The Booth is one of several entities behind art destination travel at a time when sponsors such as Art Excursions in Chicago, Jackson Hole Wildlife Safaris in Wyoming and the Millicent Rogers Museum in Taos, New Mexico, are seeking to emphasize home-grown talent and boost local economies in the United States for packages that can cost from several hundred to several thousand dollars and include transportation, accommodations, meals and other amenities.
Hopkins has custom-designed the Booth tours since he initiated them for members roughly a decade ago. Seasoned collectors approached him early on to say they were seeking more exclusive and extensive views into the art and figures of a given region.

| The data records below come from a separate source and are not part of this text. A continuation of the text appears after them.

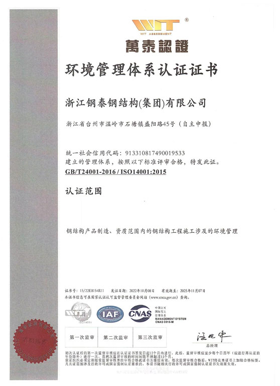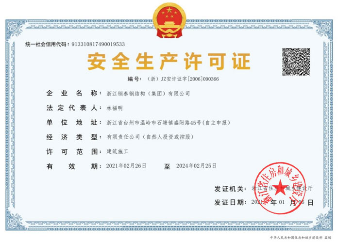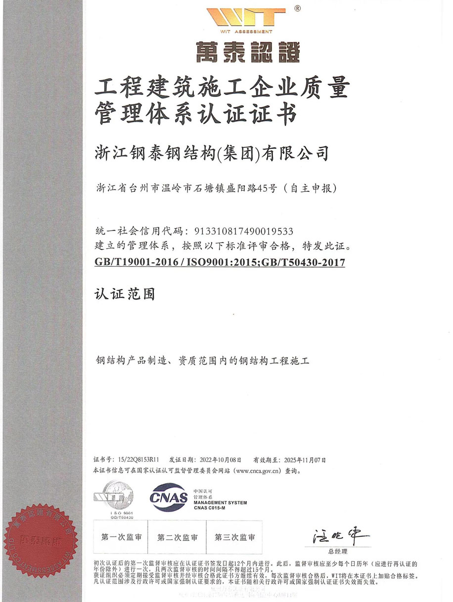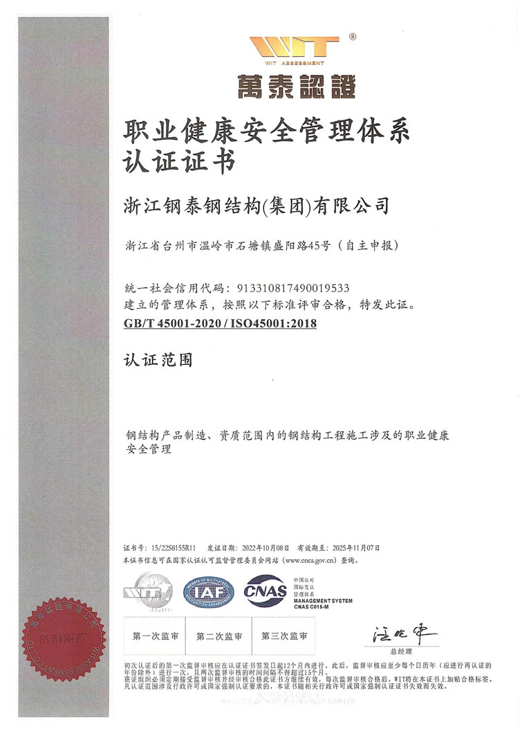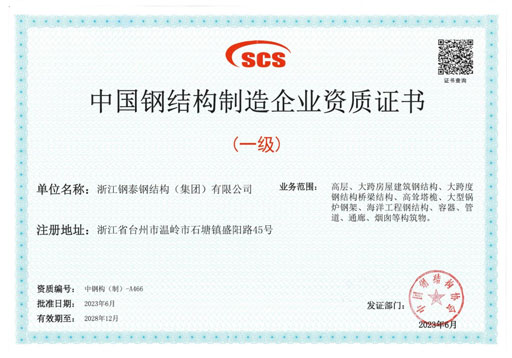 鋼泰鋼構(gòu)具有建筑工程施工總承包二級資質(zhì)、電力施工總承包二級資質(zhì)、建筑行業(yè)工程設(shè)計(jì)乙級資質(zhì)、鋼結(jié)構(gòu)工程專業(yè)承包一級資質(zhì)、建筑幕墻工程專業(yè)承包一級資質(zhì)、中國鋼結(jié)構(gòu)制造企業(yè)一級資質(zhì)、消防設(shè)施工程專業(yè)承包二級資質(zhì)、建筑裝修裝飾工程專業(yè)承包二級資質(zhì),并已通過ISO9001:2000質(zhì)量管理體系、ISO14001:2004環(huán)境管理體系、GB/T28001:2001職業(yè)健康安全管理體系等三標(biāo)一體化管理體系認(rèn)證。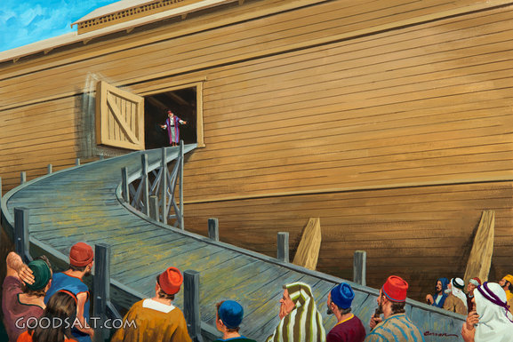 preaching, warning, closing, ark, crowd, door, flood, close, pleading, noah, checking, level, rhpas0364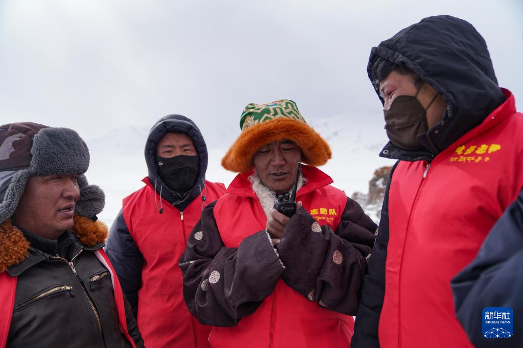 瑪曲鄉(xiāng)長江源環(huán)保志愿隊隊員在巡邏時通過對講機(jī)互相聯(lián)系(2月2日攝)。新華社記者 晉美多吉 攝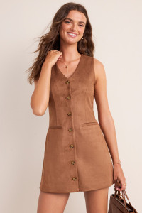 - Sleeveless - V-Neck - Button Up Front - Faux Suede - Front Pockets - Materials: 95% Polyester, 5% Spandex - Models are approximately 5’10” and wear a size small - Imported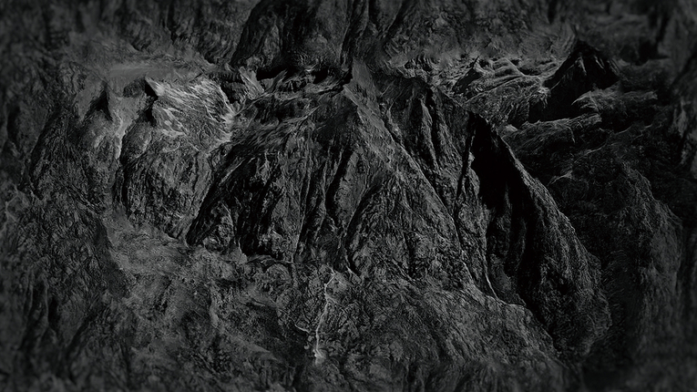 Based on an hypothesis on how mountains might have been formed, the work is an evolv- ing cycle focusing on landscape. Generated with satellite imagery and 3D models from Google Earth as well as through animation on computer, the video shows, also with audio, a mountain chain undergoing multiple metamor- phoses. Gradually, entropy increases and the monolithic makes way for the microscopic.

“They wanted to go behind closed doors, to experience artists’ studios and private collections,” says Hopkins.
Art Excursions of Chicago, led by art historians Jeff Mishur and his wife, Michelle, offers art and architecture tours that span from Oak Park, Illinois, and the wonders of Frank Lloyd Wright, to Southern California and several states east of the Mississippi River.
Mishur says tours are “anti-whirlwind,” with the pair dedicated to providing their sophisticated and often affluent clientele an intimate and in-depth experience with art and artists.
The company’s signature annual tour of the Pacific Northwest, and the art glass movement that has infused the region with the rise of Dale Chihuly, will see the eponymous Garden and Glass Museum at the Seattle Center. In addition, the 2015 trip is to feature the new, much-heralded Haub Family Collection of Western artworks by such masters as Thomas Moran.
Travelers can view Chihuly works unavailable elsewhere and the creations of world-class and international artists during a day trip to Pilchuck Glass School in Stanwood, Washington, which was cofounded by Chihuly.
Mishur credits Chihuly for “an extraordinary explosion of creativity” in the region tied to ranks of artists who are working in a spirit of collaboration and community that Chihuly inspired.
Art Excursions relies on repeat customers who value high-level content paired with engaged and engaging travel companions and an experience that could only be made in America.
“We decided early on to focus on the United States. We have amazing cultural amenities unlike anything in Europe or elsewhere,” he says.
Professional photographer Jason Williams was well-established as a guide for wildlife and photography tours in the wildlife and art-rich world of Jackson, Wyoming, when he teamed with his artist-girlfriend, Carrie Wild, a year ago to meet the rising demand by art enthusiasts for customized tours.
Jackson Hole Wildlife Safaris has provided art adventures — dubbed the Jackson Hole Fine Art Tour — for people with more than a passing interest in paintings, sculpture and photographs depicting the West’s animals and environs.
The tour, offered year-round by arrangement, is anchored by a trip to the National Museum of Wildlife Art and tours of art galleries representing top contemporary wildlife artists such as Amy Ringholz and deceased masters such as Bob Kuhn.
Peter Seibert, executive director of the Millicent Rogers Museum in Taos, was the genius behind a tour this fall entitled On the Trail of Fred Harvey, a five-day package designed for museum members but open to others that tracked the powerful and promotional vision of the American West by the 19th-century British hospitality entrepreneur.
Harvey, who left his mark on hotels and restaurants across the American Southwest and on buildings in the vicinity of the Grand Canyon, encouraged fine artists to depict the West as a natural wonderland and cultivated the thriving Native American arts culture centered on pottery, says Seibert.
The October journey included a tour of a hotel in Winslow, Arizona, led by the famed “Harvey Girls,” a trip by train to the south rim of the Grand Canyon and a day’s visit among the Hopi.
Seibart intends to bolster the museum’s travel and study program for members and others. Any such trip for today’s art-travel enthusiast — who usually ranges in age from 30 to 70 — must meet two criteria, he says.
“The two branding mechanisms that will bridge baby boomers, Gen X and Millennials are experiential and authentic,” says Seibert.